**TASK STATEMENT:**
Below are records to reproduce in full; copy them exactly but keep the pictures out.

PROVIDED RECORDS section start

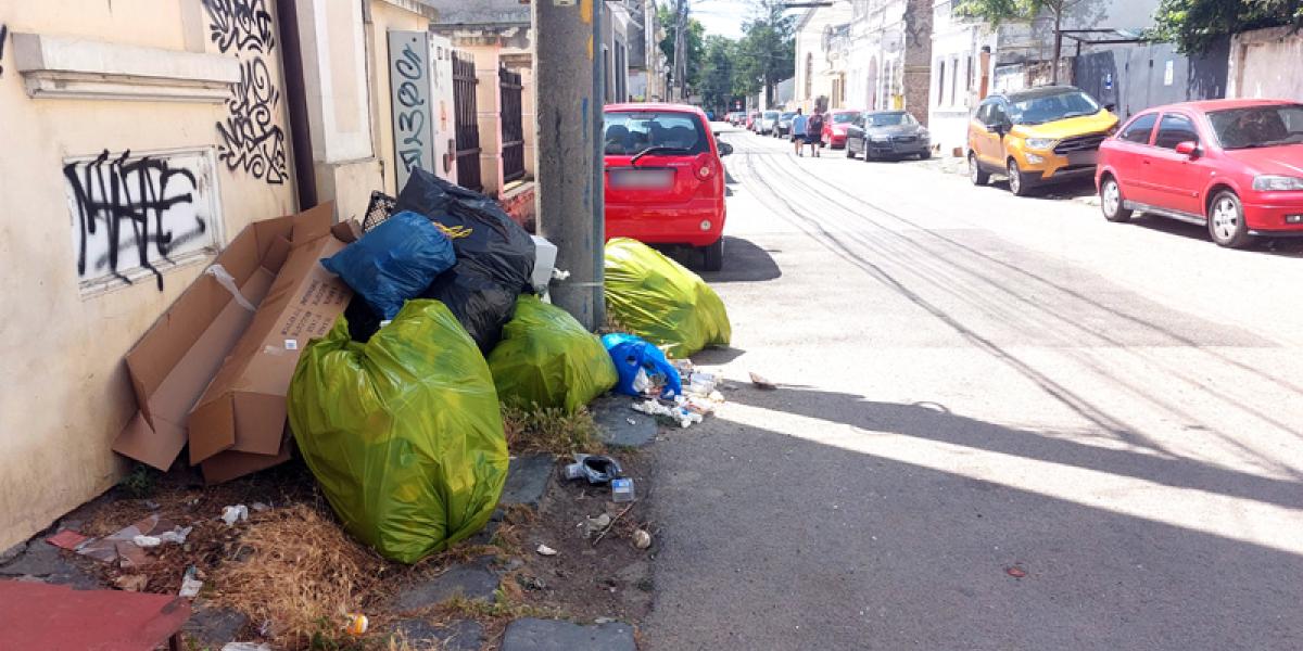 • intersecția cu strada Mihai Eminescu, fosta Regală, a fost transformată într-o adevărată groapă de gunoi, de cei care, cel mai probabil, refuză să plătească taxa de salubritate și să își scoată, civilizat, o dată pe săptămână, deșeurile menajere în fața porții • Poliția Locală, instituția care ar trebui să stopeze fenomenul prin identificarea și sancționarea celor care se fac vinovați, nu-și face prezența în zonă decât atunci când primește ”sarcini de serviciu”
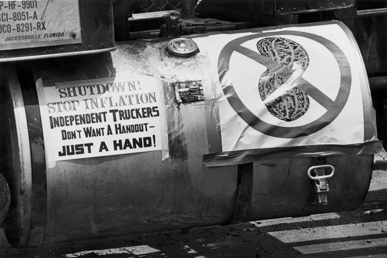 A sign about inflation on a gasoline tank during a trucker demonstration in Chelsea, Mass., June 27, 1979. Photo: Boston Globe via Getty Images
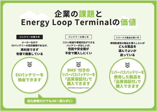 このたび、この技術を応用して「診断・評価基準」をモジュールごとに付与することをはじめ、これまで他社ではできなかった安全制御システムBMS※2付EVバッテリーおよびリパーパス製品自体に「品質保証」を付帯する付加価値を提供するなど、使用済みEVバッテリーのリパーパス製品を安心安全に流通できるプラットフォーム「Energy Loop Terminal」の予約受注を開始いたします。
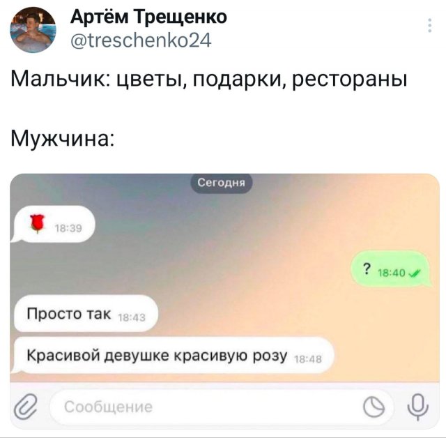 Подборка забавных твитов от ярких личностей 20/02/2025 23:30 Вот и новая порция веселых твитов от пользователей интернета, которые не перестают радовать нас своим юмором. Воспользуемся моментом и посмотрим, что интересного они подготовили сегодня! Главная / Картинки +1 Admin 0 268
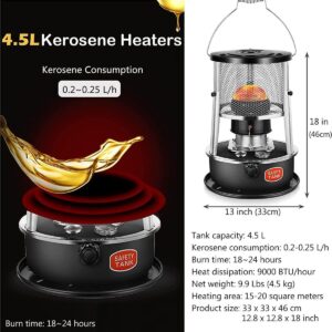 Portable Kerosene Heater Stove, Indoor Kerosene Heater with 4 Wicks, Adjustable Height 34-46cm, Camping Kerosene Diesel Heaters for Indoor Outdoor, Patio, Deck, Home, 4.5L
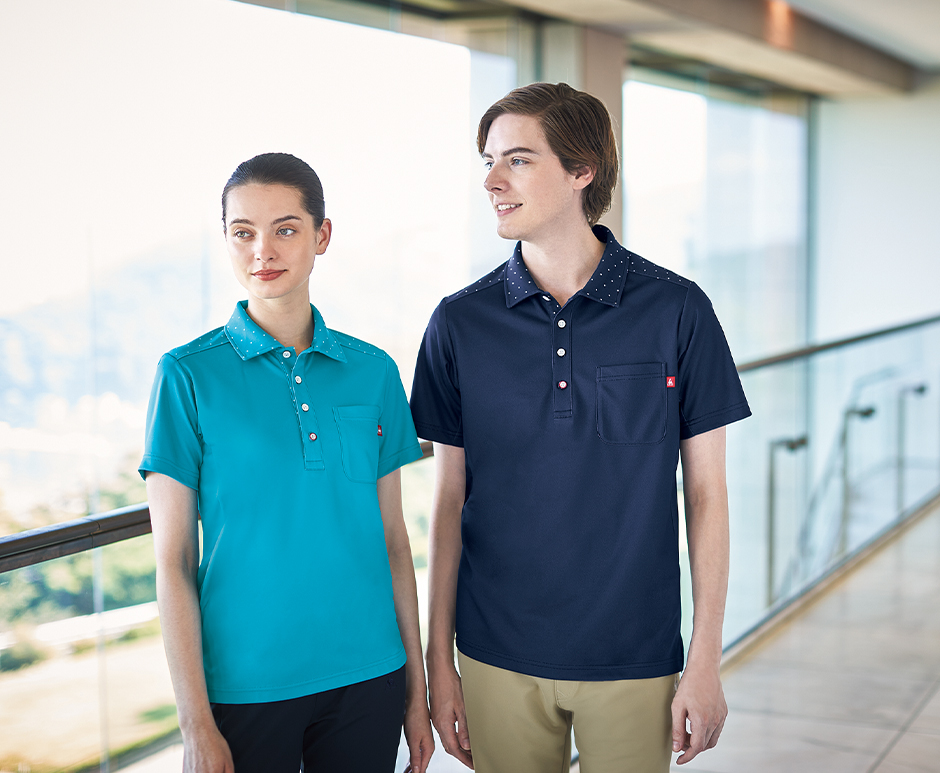 | ・背面ポケット(右) 背面にポケットを設置することで、介護作業を妨げず必要な物を収納。ロゴ刺繍がオシャレポイント。 ・バックスタイル うしろ襟の下部に、トリコロールテープを取り付けバックスタイルの美しさをつくるとともに、デザイン性をプラスしました。 ・前立てアクセント配色 下前立て部分にはドット柄の切り替えで、さりげなくオシャレに。 ・ロゴ入りボタン ロゴ入りのかわいいボタンを使用。4つボタンの1つをレッドのカラーで配色し、さりげないアクセントになっています。 |
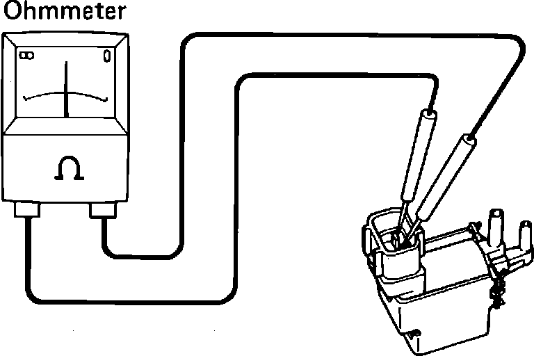 7. Using an ohmmeter, check the resistance between the terminals and the VSV housing. Fig. 18
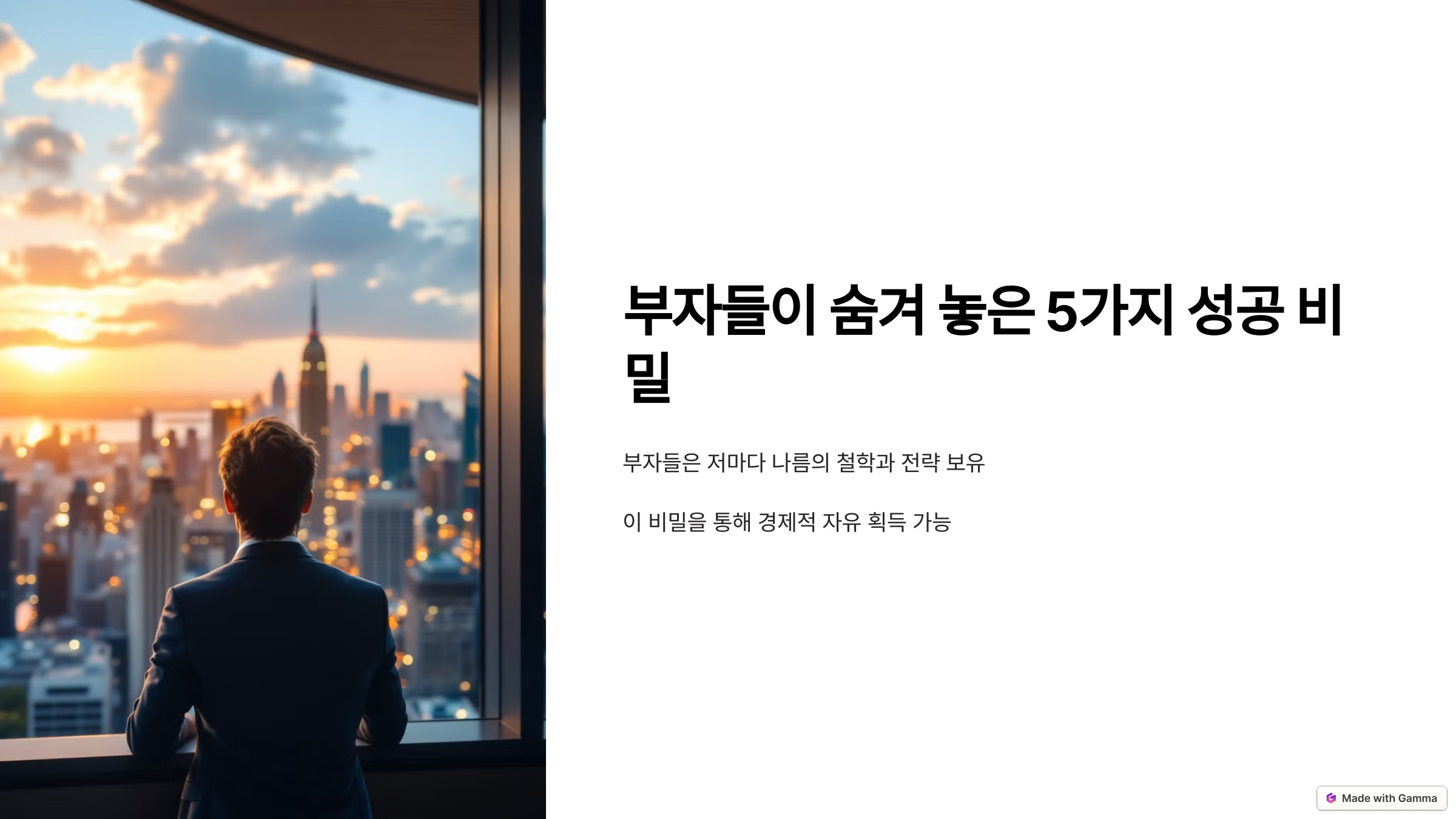부자들은 어떻게 부자가 되었을까요? 성공적인 인생을 살고 있는 사람들은 저마다 나름의 철학과 전략을 가지고 있습니다. 많은 사람들은 이들의 성공 비밀을 궁금해하지만, 실제로 그들이 따르는 몇 가지 중요한 원칙을 알게 되면, 여러분도 부자로 가는 길에 한 걸음 더 가까워질 수 있습니다. 이 글에서는 부자들이 숨겨 놓은 5가지 성공 비밀을 소개하겠습니다. 이 비밀을 통해 여러분도 경제적 자유를 손에 넣을 수 있을 것입니다.
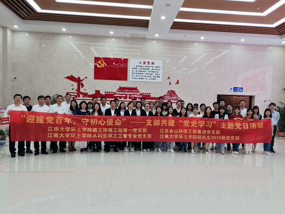 2021年是建党100周年,环境与土木工程学院围绕“致敬百年,奋斗新时代”开展了系列活动。为进一步继承和发扬党的光荣传统和优良作风,“学党史、悟思想、办实事、开新局”,环境与土木工程学院教工环境工程第一党支部、本科生环工工管专业党支部、2019级硕士研究生党支部联合中共江苏金山环保工程集团党支部共同组织开展了“迎建党100周年,守初心使命”支部共建主题党日活动。院党委副书记、副院长胡娟参加了此次活动。
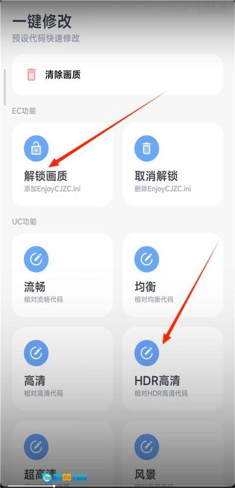 2、然后进入修改界面,点击解锁画质,然后选择画面清晰度,有流畅、高清、均衡等几种提供选择
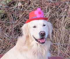 Ginny bekam dann noch eine Extra-Einlage mit Feder-Hütchen. Da muss die Chefin immer alles geben, denn entweder fallen Madame die Teile runter, weil sie ihr zu groß sind, oder das Gummiband spannt oder die Augen sind nicht zu sehen, oder …. - ich glaube ja, Ginny macht das absichtlich, damit sie mehr Leckerchen kassiert. Wenn sie nicht beobachtet wird, hält sie den Kopf samt Hut nämlich ganz still.
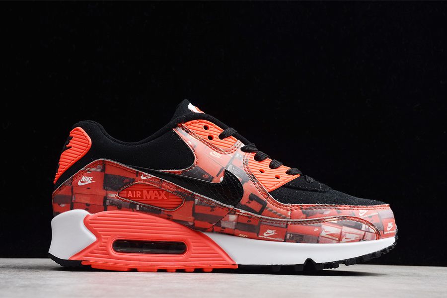 Dressed in a ‘Black’, ‘Bright Crimson’, and ‘White’ colour scheme. This Nike Air Max 90 is highlighted with an all-over Nike box graphics on the mid panel and mudguard as well as the insole. A black snakeskin texture features on the Nike Swoosh logo, while ‘Crimson’ accents and a white midsole complete the design.
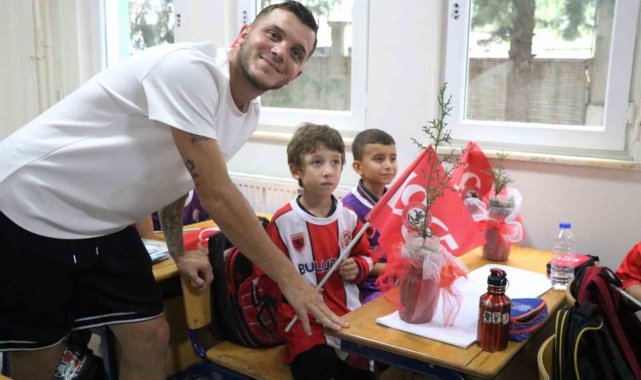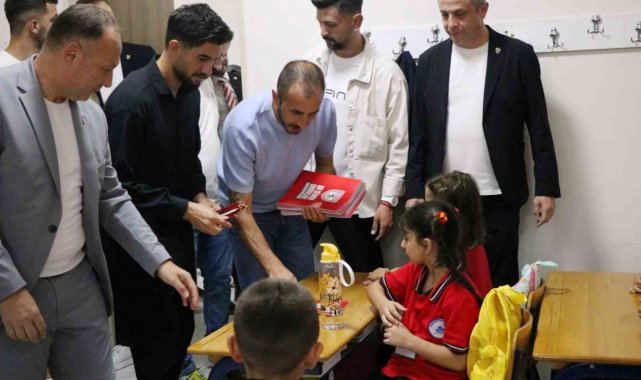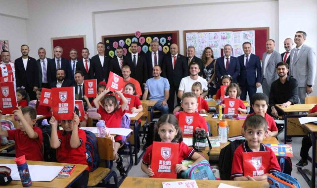 Samsunspor Kulübü'nün "Bu Şehrin Çocukları Samsunsporludur" temasıyla düzenlediği organizasyon kapsamında, 1. sınıfa başlayan öğrencilere defter ve kalem hediye etti.
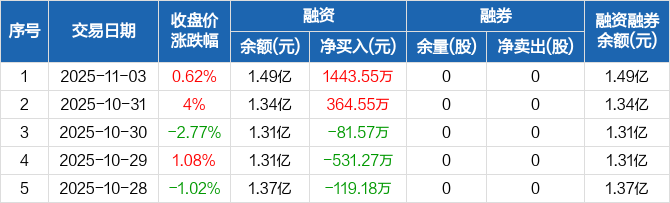 金凯生科:融资净买入1443.55万元,融资余额1.49亿元(11-03)
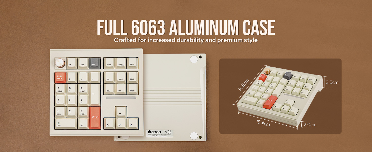 • 【بناء قوي مع علبة ألومنيوم 6063 】 مصنوع من علبة ألومنيوم 6063 كاملة، يوفر CIDOO V33 متانة متزايدة ومظهرًا وملمسًا ممتازًا مقارنة بالجرابات البلاستيكية. يُعرف طلاء المسحوق بمتانته وملمسه ومقاومته للتآكل والصدأ، مما يضمن احتفاظ لوحة المفاتيح بحالتها الأصلية لسنوات.
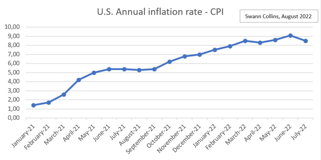 The Consumer Price Index for All Urban Consumers (CPI-U) was unchanged in July on a seasonally adjusted basis after rising 1.3 percent in June, the U.S. Bureau of Labor Statistics reported today. Over the last 12 months, the all items index eased and increased 8.5 percent before seasonal adjustment.
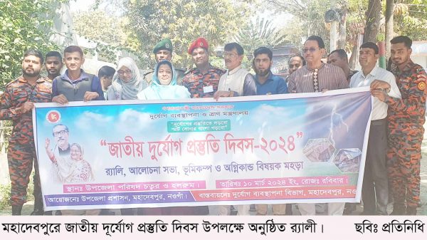 নওগাঁ প্রতিনিধি: এস এ উজ্জ্বল, ‘দুর্যোগের প্রস্তুতিতে লড়বো, স্মার্ট সোনার বাংলা গড়বো’ এই প্রতিপাদ্যকে সামনে রেখে নওগাঁর মহাদেবপুরে জাতীয় দুর্যোগ প্রস্তুতি দিবস উদযাপন করা হয়েছে। উপজেলা প্রশাসনের আয়োজনে ও
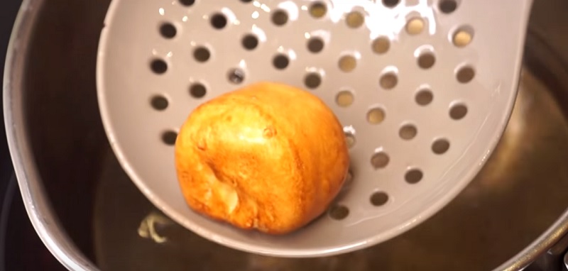 Бананите се пържат много бързо, така че най-добре е всяка хапка да се запържи отделно. Щом тестото придобие приятен златист цвят, веднага извадете десерта от тенджерата.
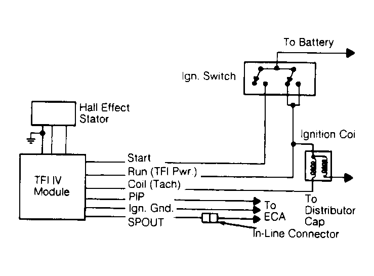 TFI Terminals Ohms GND-PIP More than 500 PIP PWR-PIP IN Less than 2000 PIP PWR-TFI PWR Less than 200 GND-IGN GND Less than 2 PIP IN-PIP Less than 200 - If the TACH light did not blink in step 2), replace TFI module and repeat step 1). If spark is still not present, replace ignition coil and module connector. If the TACH light did blink in step 2), substitute ignition coil with a known working unit and repeat step 1). If spark is present, verify coil secondary wire resistance is greater than 7000 ohms per foot. Replace ignition coil.
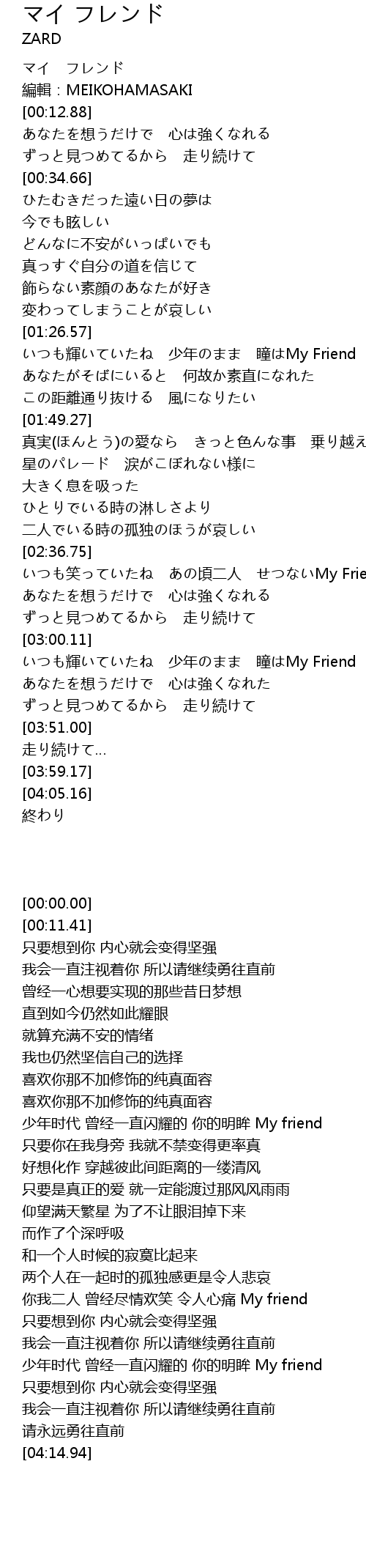 | [00:11.41] | 編輯:MEIKOHAMASAKI |
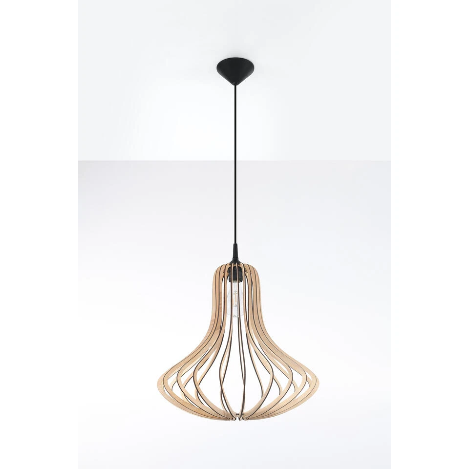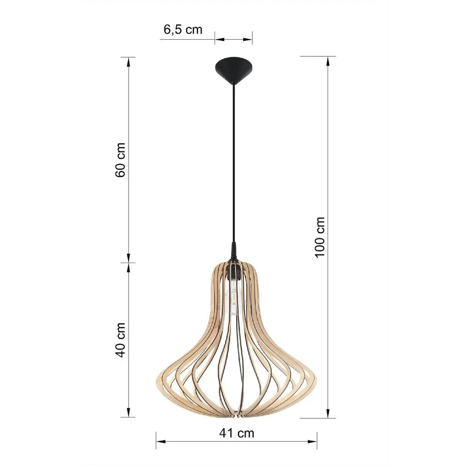 Deze Elza hanglamp bestaat uit houten latjes die in elkaar geschoven zijn, hierdoor onstaat er een open hanglamp waarbij de lichtbron goed zichtbaar is. Deze hanglamp is geschikt voor een E27 lichtbron van maximaal 10 Watt (Excl.). De hoogte is maximaal 100 cm en simpel inkortbaar, de totale breedte is 41 cm. Dit armatuur is gemaakt van naturel hout en heeft een licht bruine kleur, het snoer is zwart van kleur. 5 jaar garantie.

PROVIDED RECORDS section end

**ANSWER FOR THIS EXERCISE:**
 • intersecția cu strada Mihai Eminescu, fosta Regală, a fost transformată într-o adevărată groapă de gunoi, de cei care, cel mai probabil, refuză să plătească taxa de salubritate și să își scoată, civilizat, o dată pe săptămână, deșeurile menajere în fața porții • Poliția Locală, instituția care ar trebui să stopeze fenomenul prin identificarea și sancționarea celor care se fac vinovați, nu-și face prezența în zonă decât atunci când primește ”sarcini de serviciu”
 A sign about inflation on a gasoline tank during a trucker demonstration in Chelsea, Mass., June 27, 1979. Photo: Boston Globe via Getty Images
 このたび、この技術を応用して「診断・評価基準」をモジュールごとに付与することをはじめ、これまで他社ではできなかった安全制御システムBMS※2付EVバッテリーおよびリパーパス製品自体に「品質保証」を付帯する付加価値を提供するなど、使用済みEVバッテリーのリパーパス製品を安心安全に流通できるプラットフォーム「Energy Loop Terminal」の予約受注を開始いたします。
 Подборка забавных твитов от ярких личностей 20/02/2025 23:30 Вот и новая порция веселых твитов от пользователей интернета, которые не перестают радовать нас своим юмором. Воспользуемся моментом и посмотрим, что интересного они подготовили сегодня! Главная / Картинки +1 Admin 0 268
 Portable Kerosene Heater Stove, Indoor Kerosene Heater with 4 Wicks, Adjustable Height 34-46cm, Camping Kerosene Diesel Heaters for Indoor Outdoor, Patio, Deck, Home, 4.5L
 | ・背面ポケット(右) 背面にポケットを設置することで、介護作業を妨げず必要な物を収納。ロゴ刺繍がオシャレポイント。 ・バックスタイル うしろ襟の下部に、トリコロールテープを取り付けバックスタイルの美しさをつくるとともに、デザイン性をプラスしました。 ・前立てアクセント配色 下前立て部分にはドット柄の切り替えで、さりげなくオシャレに。 ・ロゴ入りボタン ロゴ入りのかわいいボタンを使用。4つボタンの1つをレッドのカラーで配色し、さりげないアクセントになっています。 |
 7. Using an ohmmeter, check the resistance between the terminals and the VSV housing. Fig. 18
부자들은 어떻게 부자가 되었을까요? 성공적인 인생을 살고 있는 사람들은 저마다 나름의 철학과 전략을 가지고 있습니다. 많은 사람들은 이들의 성공 비밀을 궁금해하지만, 실제로 그들이 따르는 몇 가지 중요한 원칙을 알게 되면, 여러분도 부자로 가는 길에 한 걸음 더 가까워질 수 있습니다. 이 글에서는 부자들이 숨겨 놓은 5가지 성공 비밀을 소개하겠습니다. 이 비밀을 통해 여러분도 경제적 자유를 손에 넣을 수 있을 것입니다.
 2021年是建党100周年,环境与土木工程学院围绕“致敬百年,奋斗新时代”开展了系列活动。为进一步继承和发扬党的光荣传统和优良作风,“学党史、悟思想、办实事、开新局”,环境与土木工程学院教工环境工程第一党支部、本科生环工工管专业党支部、2019级硕士研究生党支部联合中共江苏金山环保工程集团党支部共同组织开展了“迎建党100周年,守初心使命”支部共建主题党日活动。院党委副书记、副院长胡娟参加了此次活动。
 2、然后进入修改界面,点击解锁画质,然后选择画面清晰度,有流畅、高清、均衡等几种提供选择
 Ginny bekam dann noch eine Extra-Einlage mit Feder-Hütchen. Da muss die Chefin immer alles geben, denn entweder fallen Madame die Teile runter, weil sie ihr zu groß sind, oder das Gummiband spannt oder die Augen sind nicht zu sehen, oder …. - ich glaube ja, Ginny macht das absichtlich, damit sie mehr Leckerchen kassiert. Wenn sie nicht beobachtet wird, hält sie den Kopf samt Hut nämlich ganz still.
 Dressed in a ‘Black’, ‘Bright Crimson’, and ‘White’ colour scheme. This Nike Air Max 90 is highlighted with an all-over Nike box graphics on the mid panel and mudguard as well as the insole. A black snakeskin texture features on the Nike Swoosh logo, while ‘Crimson’ accents and a white midsole complete the design.
 Samsunspor Kulübü'nün "Bu Şehrin Çocukları Samsunsporludur" temasıyla düzenlediği organizasyon kapsamında, 1. sınıfa başlayan öğrencilere defter ve kalem hediye etti.
 金凯生科:融资净买入1443.55万元,融资余额1.49亿元(11-03)
 • 【بناء قوي مع علبة ألومنيوم 6063 】 مصنوع من علبة ألومنيوم 6063 كاملة، يوفر CIDOO V33 متانة متزايدة ومظهرًا وملمسًا ممتازًا مقارنة بالجرابات البلاستيكية. يُعرف طلاء المسحوق بمتانته وملمسه ومقاومته للتآكل والصدأ، مما يضمن احتفاظ لوحة المفاتيح بحالتها الأصلية لسنوات.
 The Consumer Price Index for All Urban Consumers (CPI-U) was unchanged in July on a seasonally adjusted basis after rising 1.3 percent in June, the U.S. Bureau of Labor Statistics reported today. Over the last 12 months, the all items index eased and increased 8.5 percent before seasonal adjustment.
 নওগাঁ প্রতিনিধি: এস এ উজ্জ্বল, ‘দুর্যোগের প্রস্তুতিতে লড়বো, স্মার্ট সোনার বাংলা গড়বো’ এই প্রতিপাদ্যকে সামনে রেখে নওগাঁর মহাদেবপুরে জাতীয় দুর্যোগ প্রস্তুতি দিবস উদযাপন করা হয়েছে। উপজেলা প্রশাসনের আয়োজনে ও
 Бананите се пържат много бързо, така че най-добре е всяка хапка да се запържи отделно. Щом тестото придобие приятен златист цвят, веднага извадете десерта от тенджерата.
 TFI Terminals Ohms GND-PIP More than 500 PIP PWR-PIP IN Less than 2000 PIP PWR-TFI PWR Less than 200 GND-IGN GND Less than 2 PIP IN-PIP Less than 200 - If the TACH light did not blink in step 2), replace TFI module and repeat step 1). If spark is still not present, replace ignition coil and module connector. If the TACH light did blink in step 2), substitute ignition coil with a known working unit and repeat step 1). If spark is present, verify coil secondary wire resistance is greater than 7000 ohms per foot. Replace ignition coil.
 | [00:11.41] | 編輯:MEIKOHAMASAKI |
 Deze Elza hanglamp bestaat uit houten latjes die in elkaar geschoven zijn, hierdoor onstaat er een open hanglamp waarbij de lichtbron goed zichtbaar is. Deze hanglamp is geschikt voor een E27 lichtbron van maximaal 10 Watt (Excl.). De hoogte is maximaal 100 cm en simpel inkortbaar, de totale breedte is 41 cm. Dit armatuur is gemaakt van naturel hout en heeft een licht bruine kleur, het snoer is zwart van kleur. 5 jaar garantie.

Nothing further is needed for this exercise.